Using an infinite number of Tietze transformations

Question

I have a group presentation $G\cong\langle R|S\rangle$ which I am willing to reduce to $G\cong\langle S'|R'\rangle$ by making use of Tietze transformations. In my case, I am only using the following transformation :

Removing a generator :

If a relation can be formed where one of the generators is a word in the other generators then that generator may be removed. In order to do this it is necessary to replace all occurrences of the removed generator with its equivalent word.

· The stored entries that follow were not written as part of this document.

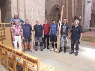 Das Collegium Musicum der Universität Saarland zeigte, wie berichtet, eine hinreißende Aufführung von englischer Musik für Chor und Orchester in unserer wunderbaren Abteikirche. Dass auch ein solches Konzert nicht ohne ehrenamtliche Hilfe möglich ist, ist nicht jedem bewusst. Die oft berufene Einsatztruppe des Waldbauvereins hat wieder zugeschlagen. Wenn Herbert Brand ruft, kommen genügend Helfer im Rentenalter, um die Bühne für eine Vorstellung vorzubereiten und auch später wieder abzubauen. Gemeindediakon Torsten Zimmermann stellt immer den Kontakt zum jeweiligen Orchester her und weiß, welche Bühnenteile in welcher Höhe vor dem Altar aufgebaut werden sollen. Hier ein Bild der fleißigen Helfer beim Abbau der Bühne am Montagmittag.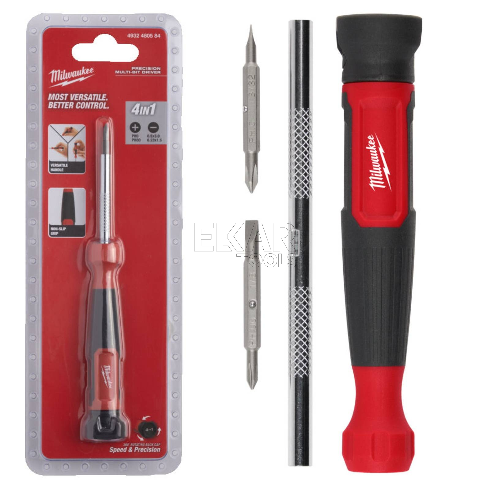Precyzyjny wkrętak 4w1 PH/SL Milwaukee 4932480584 to kompaktowe i funkcjonalne narzędzie zaprojektowane z myślą o precyzyjnych pracach serwisowych, elektronicznych i montażowych. Wyposażony w cztery wymienne końcówki – dwa groty krzyżakowe (PH) i dwa płaskie (SL) – umożliwia szybkie dopasowanie do różnorodnych zastosowań bez potrzeby noszenia kilku osobnych narzędzi. Magnetyczna końcówka zapewnia stabilne trzymanie śrubki, a wbudowany mechanizm zatrzaskowy umożliwia błyskawiczną i wygodną wymianę końcówek.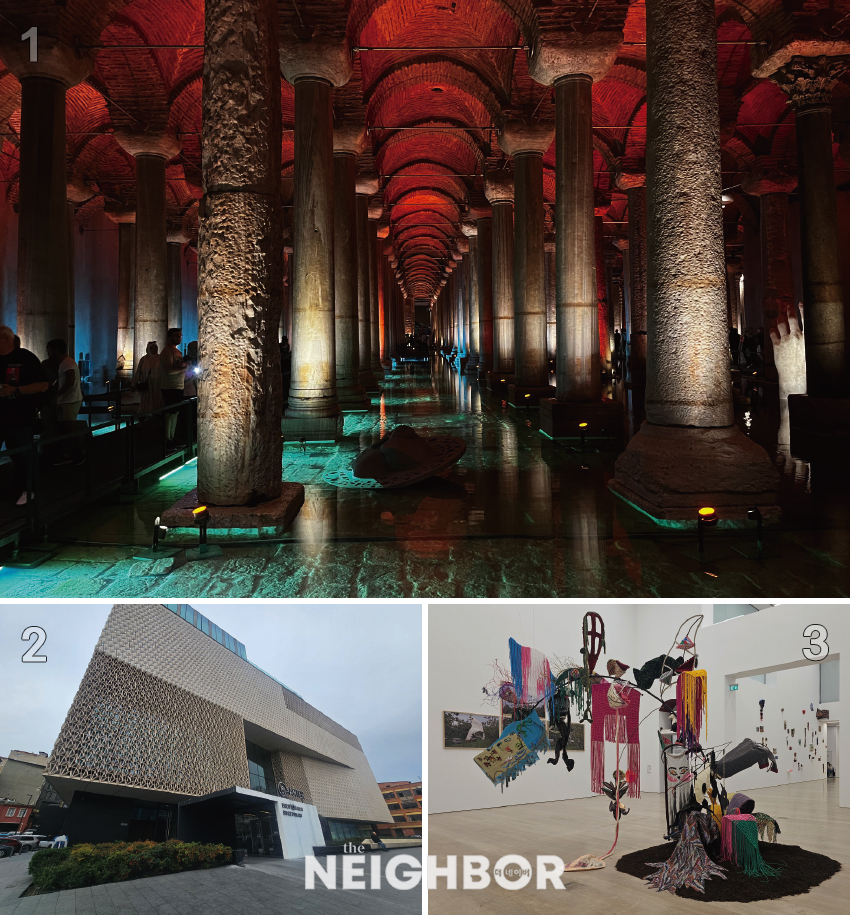 1 µ¿·Î¸¶ Á¦±¹ ½Ã´ëÀÇ ÁöÇÏ ±ÃÀü, ¿¹·¹¹Ùź »ç¶óÀÌ. 2 Çö´ë¹Ì¼ú°ü ¾Æ¸£Å׸£ ¹ÂÁö¾ö (Arter Museum). 3 ¾Æ¸£Å׸£ ¹ÂÁö¾ö Àü½Ã Àå¸é, <´Ò¹Ù¸£ ±Í·¹½´: º§ºª ½ºÅ×¾î (Nilbar Güreş: Velvet Stare)>.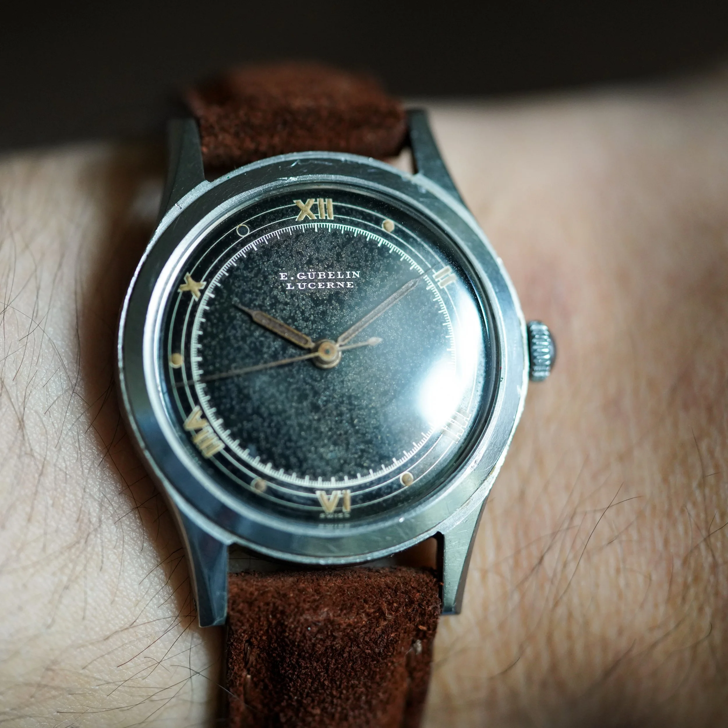 A rare Gubelin time-only with a perfectly even tropical black gilt dial featuring alternating dot and Roman numeral indices.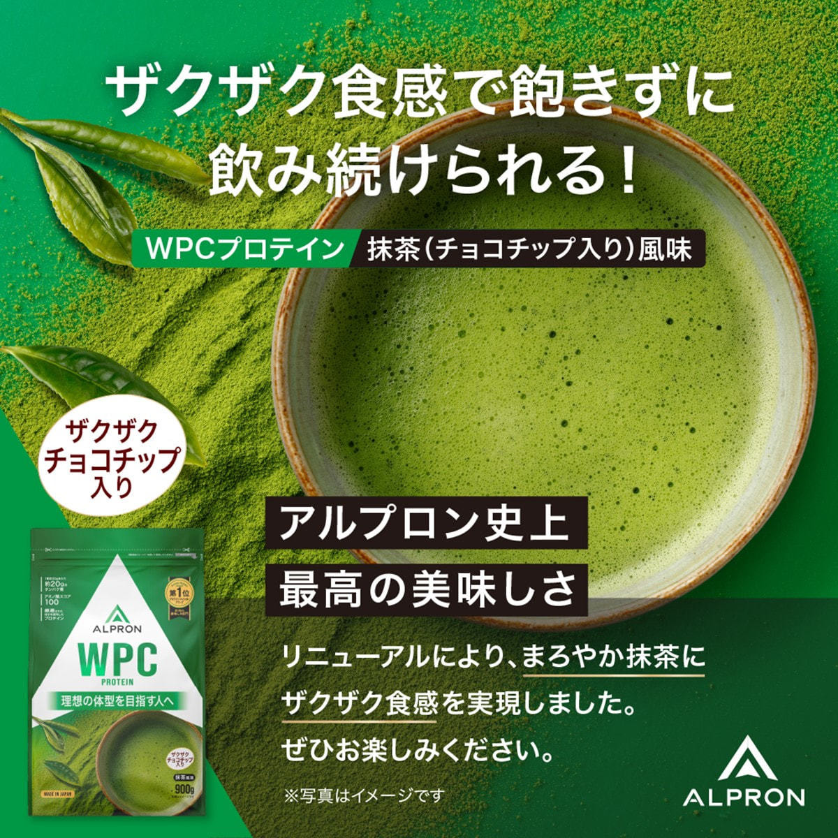 商品名:ALPRON WPC(ホエイプロテイン)抹茶風味(チョコチップ入り) 900g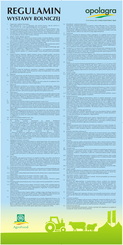 REGULAMIN WYSTAWY ROLNICZEJ 1. Organizator i podmiot finansujący: DLG AgroFood Sp. z o.o., ul. Obornicka 229, 60-650 Poznań, +48 (61) 639-01-17, +48 (61) 639-01-18, e-mail: [email protected]; www.opolagra.pl 2. Regulamin obowiązuje na całym Terenie Wystawy (lotnisko w Kamieniu Śląskim) i dotyczy wszystkich jej uczestników tj. Wystawców, Podwystawców, Zwiedzających, a także wszystkie inne podmioty przebywające na terenie Wystawy. Teren Ekspozycji to część terenu Wystawy, na który składają się: teren zajmowany przez stoiska, ścieżki komunikacyjne, teren pokazów maszyn, teren wystawy zwierząt 3. Miejsce / termin / godziny otwarcia 3.1. Wystawa Opolagra 2015 odbywa się na terenie Lotniska w Kamieniu Śląskim, w terminie 12-14.06.2015. Wystawa czynna jest dla zwiedzających od godz. 9:00 do 18:00, Wystawcom umożliwia się pobyt na terenie Wystawy od godz. 7:00 do 20:00. W czasie trwania Wystawy na wszystkich stoiskach musi przebywać obsługa stoisk. 3.2. Poza godzinami otwarcia Wystawy (20:00-7:00) obowiązuje zakaz przebywania jakichkolwiek innych osób na terenie Wystawy, poza pracownikami Ochrony. 3.3. Każdy pobyt na stoisku poza godzinami otwarcia Wystawy wymaga wcześniejszego zgłoszenia oraz uzgodnienia z Organizatorem i Ochroną. 3.4. Osoby naruszające zakaz, o którym mowa w punkcie 3.1, po niespełnieniu obowiązku, o którym mowa w punkcie 3.2, zostaną usunięte z terenu Wystawy przez pracowników Ochrony. 4. Program Wystawy obejmuje: ciągniki, transport, uprawę i pielęgnację gleby, nawożenie, ochronę roślin, deszczowanie, nawadnianie, technikę zbioru zbóż, roślin okopowych i paszowych; obróbkę i magazynowanie zbiorów, gospodarkę komunalną, uprawę warzyw gruntowych, technikę leśną; surowce odnawialne i nowe źródła energii, technikę ochrony środowiska; środki produkcji (materiał siewny i roślinny, nawozy, środki ochrony roślin, części zamienne); prezentację zwierząt hodowlanych, budynki (obory, hale); wyposażenie budynków inwentarskich, technikę doju; technikę usuwania obornika i gnojowicy; pasze, medycynę weterynaryjną, substancje pomocnicze; wydawnictwa, związki, organizacje, banki, zakłady ubezpieczeń, usługodawców; sprzedaż bezpośrednią, hobby, rekreację. 5. Wystawcy Wystawcami mogą być producenci, sprzedawcy, importerzy, przedsiębiorstwa usługowe, organizacje oraz związki. Dobór Wystawców należy do Organizatora i nie może być przedmiotem jakichkolwiek roszczeń. 6. Eksponaty 6.1. Wystawa jest przeznaczona dla Wystawców oferujących wyłącznie eksponaty wymienione w programie i odpowiadające charakterowi Wystawy Opolagra. Kierownictwo Wystawy może żądać usunięcia eksponatów nie posiadających jego zezwolenia lub nie odpowiadających charakterowi Wystawy Opolagra. 6.2. Wywożenie sprzętu z terenu Wystawy odbywać się może wyłącznie na podstawie Przepustki Materiałowej wydawanej w Biurze Organizatora. 7. Zgłoszenie Każde zgłoszenie uczestnictwa w wystawie wymaga złożenia oddzielnego i odpowiedniego formularza zgłoszenia. Każdy formularz zgłoszenia musi być podpisany w sposób prawnie wiążący. Termin nadsyłania formularzy zgłoszenia upływa dnia 12.05.2015. Organizator ma prawo odmówienia przyjęcie zgłoszenia bez podania przyczyny. 8. Podwystawcy Obecność Podwystawcy na stoisku jest dopuszczalna jedynie w przypadku zgłoszenia tego faktu przez głównego Wystawcę, poprzez dostarczenie wypełnionego formularza zgłoszenia Podwystawcy. Opłata za zgłoszenie Podwystawcy wynosi 200 zł netto, i zawiera już ujęcie Podwystawcy w katalogu Wystawców (100 PLN netto). 9. Powierzchnia stoiska 9.1. Najmniejsza powierzchnia stoiska na terenie otwartym wynosi 10 m². 9.2. Organizator rości sobie prawo do takiego zaplanowania zamawianej powierzchni, by realnie odpowiadało warunkom terenowym, jak i nie naraziło Organizatora na straty. W związku z powyższym za zamawianą uważa się powierzchnię na zamówieniu, natomiast podane w zgłoszeniu uczestnictwa wymiary stoiska rozumie się jedynie jako wskazówkę dla Organizatora. 9.3. Wielkość wynajętej powierzchni powinna być tak zaplanowana, aby elementy wystające takie jak dachy, nadbudówki lub eksponaty nie zastawiały wyznaczonych przejść, ani nie naruszały obszaru sąsiednich stoisk. W przypadku zajęcia ponadnormatywnej powierzchni Organizator ma prawo do wystawienia faktury za dodatkową powierzchnię, zgodnie z cennikiem x 2. 9.4. Stoiska nie posiadają instalacji wod – kan. 10. Koszty udziału / wynajmu powierzchni Do kosztów wynajmu powierzchni na terenie określonych w formularzach zgłoszenia, jak i w przypadku wszystkich innych kosztów wymienionych w pozostałych formularzach (takich jak przyłączenie prądu, wynajem masztów, opłata za wpis do katalogu, etc.), zostanie doliczony podatek VAT, zgodnie z wysokością obowiązującą w chwili wystawienia faktury. Wystawienie faktury następuje w chwili potwierdzenia wynajęcia powierzchni (potwierdzenie następuje drogą elektroniczną). Należność z tytułu faktury należy uiścić w terminie 7 dni od daty jej wystawienia. W przypadku nie wywiązania się Wystawcy z zobowiązań płatniczych, Organizator ma prawo wyłączenia Wystawcy z uczestnictwa w imprezie. W przypadku kiedy mimo braku pełnej płatności na stoisku pojawią się już eksponaty Wystawcy, zostaną usunięte przez Organizatora na koszt Wystawcy. Wszelkie zamówienia składane po 8.06.2015 realizowane będą tylko w miarę możliwości z tym, że cena będzie wyższa o 100%. 11. Odstąpienie Wystawcy od umowy Odstąpienie od umowy jest możliwe jedynie za zgodą Organizatora. Do rozpatrzenia Odstąpienia wymagane jest dostarczenie pisemnej rezygnacji na adres Organizatora do dnia 12.05.2015. Odstąpienie od umowy po przydzieleniu powierzchni związane jest z poniesieniem przez Wystawcę obowiązkowych opłat. W przypadku znalezienia przez Wystawcę innego Wystawcy na swoje mi

In my case, I can reduce my presentation to having $|S'|=2$. However, to achieve this goal, I am requiring to be able to use an infinite number of such transformations. My setting is that I have $R=\{t\}\coprod\{a_n,\;n\in\mathbb{Z}\}$ and I can express $a_n$ in terms of $t$ and $a_0$ using relations in $R$. Applying a finite number of Tietze transformations, I can reduce the presentation to any set of generators of the form : $$S''=\{t,a_0\}\coprod\{a_n,\;|n|\geqslant N\}$$ with arbitrarily large $N$. My question is therefore :

Is it allowed to make use of an infinite number of Tietze transformations to transform a presentation into another ?

I am expecting this result to be true in fact, since, admitting this is working just fine, the presentation I obtain in the end is exactly the one I am expected to give. Intuition tends to tell me that there's nothing wrong with this, but usually intuition is not working very well when messing with doing something "infinitely many times"...

I couldn't find anything anywhere about the proof of this fact. I even dug deep to try my luck with Tietze's 1908 paper, which was unfortunately never translated.

Answer 1

The definition in wikipedia is incorrect, essentially for situations like you describe. Wikipedia is really defining elementary Tietze transformations, which is fine for finite presentations but not in general.

The following definition is from Section 1.5 of the book Combinatorial group theory by Magnus, Karrass and Solitar. This is a solid textbook, and although I haven't compared it with the original 1908 paper, I see no reason to suspect it is incorrect. Theorem 1.5 of this book proves Tietze's result.

In 1908, H. Tietze showed that given a presentation \begin{align*} (7)&&\langle a, b, c, \ldots \mid P, Q, R\rangle \end{align*} for a group $G$, any other presentation for $G$ can be obtained by repeated application of the following transformations to (7):

(T1) If the words $S, T, \ldots$ are derivable from $P, Q, R, \ldots$, then add $S, T, \ldots$ to the defining relators in (7).

(T2) If some of the relators, say, $S, T, \ldots$, listed among the defining relators $P, Q, R, \ldots$ are derivable from the others, delete $S, T, \ldots$ from the defining relators in (7).

(T3) If $k, M, \ldots$ are words in $a, b, c, \ldots$, then adjoin the symbols $x, y, \ldots$ to the generating symbols in (7) and adjoin the relations $x=K, y=M, \ldots$ to the defining relators in (7).

(T4) If some of the defining relations in (7) take the form $p=V, q=W, \ldots$ where $p, q, \ldots$ are generators in (7) and $V, W, \ldots$ are words in the generators other than $p, q, \ldots$, then delete $p, q, \ldots$ from the generators, delete $p=V, q=W, \ldots$ from the defining relations, and replace $p, q, \ldots$ by $V, W, \ldots$ respectively, in the remaining defining relators in (7).

... a Tietze transformation is called elementary if it involves the insertion or deletion of one defining relator, or the insertion or deletion of one generator and the corresponding defining relation.

For example, by the above definition the group defined by $$\langle a, b, c, \ldots\mid, a=1, b=1,c=1, \ldots\rangle$$ is seen to be trivial, as a single application of (T4) gives the empty presentation. However, if we only allow the "elementary" moves, as in Wikipedia, we never obtain the empty presentation.